🤖 AI Summary
Sparse-view novel view synthesis is fundamentally ill-posed due to geometric ambiguity: regression-based methods preserve geometry faithfully but lack completeness, whereas generative methods enable scene completion yet often introduce structural inconsistencies. To address this, we propose a “generative–verificatory” framework that, for the first time, synergistically integrates a pre-trained 3D-aware diffusion model with multi-view stereo (MVS) attention—leveraging the diffusion model to supply semantically coherent scene priors, and employing MVS attention maps as a geometric oracle to quantify 3D uncertainty and guide Gaussian splatting optimization. We further design an uncertainty-weighted loss that adaptively fuses generative priors with geometric evidence, effectively suppressing hallucinated artifacts while ensuring geometrically plausible completion. On the Mip-NeRF 360 and NeRF Synthetic benchmarks, our method achieves state-of-the-art performance in both reconstruction completeness and geometric accuracy.
📝 Abstract
Sparse-view novel view synthesis is fundamentally ill-posed due to severe geometric ambiguity.

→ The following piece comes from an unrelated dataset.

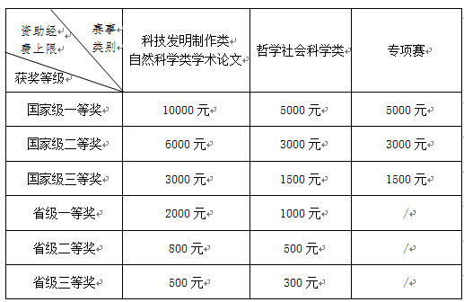 3、本次“挑戰杯”校內選拔賽參賽作品的立項資助以成果為導向,資助獲得省級及以上獎項的優秀作品。按照作品的經費預算(經費預算表見附件4),在資助經費上限和學校財務報銷規定的范圍內,資助經費實行實報實銷原則。不同類別、不同獎項的資助經費上限見表2。

Current methods are caught in a trade-off: regressive models are geometrically faithful but incomplete, whereas generative models can complete scenes but often introduce structural inconsistencies. We propose OracleGS, a novel framework that reconciles generative completeness with regressive fidelity for sparse view Gaussian Splatting. Instead of using generative models to patch incomplete reconstructions, our "propose-and-validate" framework first leverages a pre-trained 3D-aware diffusion model to synthesize novel views to propose a complete scene. We then repurpose a multi-view stereo (MVS) model as a 3D-aware oracle to validate the 3D uncertainties of generated views, using its attention maps to reveal regions where the generated views are well-supported by multi-view evidence versus where they fall into regions of high uncertainty due to occlusion, lack of texture, or direct inconsistency. This uncertainty signal directly guides the optimization of a 3D Gaussian Splatting model via an uncertainty-weighted loss. Our approach conditions the powerful generative prior on multi-view geometric evidence, filtering hallucinatory artifacts while preserving plausible completions in under-constrained regions, outperforming state-of-the-art methods on datasets including Mip-NeRF 360 and NeRF Synthetic.